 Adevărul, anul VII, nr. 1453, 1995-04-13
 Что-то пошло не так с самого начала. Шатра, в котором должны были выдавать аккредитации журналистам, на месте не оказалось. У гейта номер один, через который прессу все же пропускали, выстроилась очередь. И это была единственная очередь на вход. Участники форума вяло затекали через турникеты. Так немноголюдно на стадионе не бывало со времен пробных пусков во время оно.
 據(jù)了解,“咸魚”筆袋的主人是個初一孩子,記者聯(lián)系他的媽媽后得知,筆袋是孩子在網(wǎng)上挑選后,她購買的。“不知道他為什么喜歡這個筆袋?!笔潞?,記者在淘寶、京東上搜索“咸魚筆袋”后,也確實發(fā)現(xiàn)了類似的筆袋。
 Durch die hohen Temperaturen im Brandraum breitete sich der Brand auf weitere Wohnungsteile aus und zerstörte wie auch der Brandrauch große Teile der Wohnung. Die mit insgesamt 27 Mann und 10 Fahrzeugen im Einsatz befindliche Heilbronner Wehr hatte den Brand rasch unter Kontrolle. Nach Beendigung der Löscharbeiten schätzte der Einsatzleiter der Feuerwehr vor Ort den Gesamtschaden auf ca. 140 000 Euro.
==
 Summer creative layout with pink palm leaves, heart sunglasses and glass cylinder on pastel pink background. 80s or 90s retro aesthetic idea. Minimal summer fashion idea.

### [WORK INSTRUCTIONS]
Restate word for word the entries above from the line with "Adevărul, anul VII, nr. 1453, 1995-04-13" through the line with "Durch die hohen", inclusive, leaving out everything else.

### [ANSWER SPACE]
 Adevărul, anul VII, nr. 1453, 1995-04-13
 Что-то пошло не так с самого начала. Шатра, в котором должны были выдавать аккредитации журналистам, на месте не оказалось. У гейта номер один, через который прессу все же пропускали, выстроилась очередь. И это была единственная очередь на вход. Участники форума вяло затекали через турникеты. Так немноголюдно на стадионе не бывало со времен пробных пусков во время оно.
 據(jù)了解,“咸魚”筆袋的主人是個初一孩子,記者聯(lián)系他的媽媽后得知,筆袋是孩子在網(wǎng)上挑選后,她購買的。“不知道他為什么喜歡這個筆袋?!笔潞?,記者在淘寶、京東上搜索“咸魚筆袋”后,也確實發(fā)現(xiàn)了類似的筆袋。
 Durch die hohen Temperaturen im Brandraum breitete sich der Brand auf weitere Wohnungsteile aus und zerstörte wie auch der Brandrauch große Teile der Wohnung. Die mit insgesamt 27 Mann und 10 Fahrzeugen im Einsatz befindliche Heilbronner Wehr hatte den Brand rasch unter Kontrolle. Nach Beendigung der Löscharbeiten schätzte der Einsatzleiter der Feuerwehr vor Ort den Gesamtschaden auf ca. 140 000 Euro.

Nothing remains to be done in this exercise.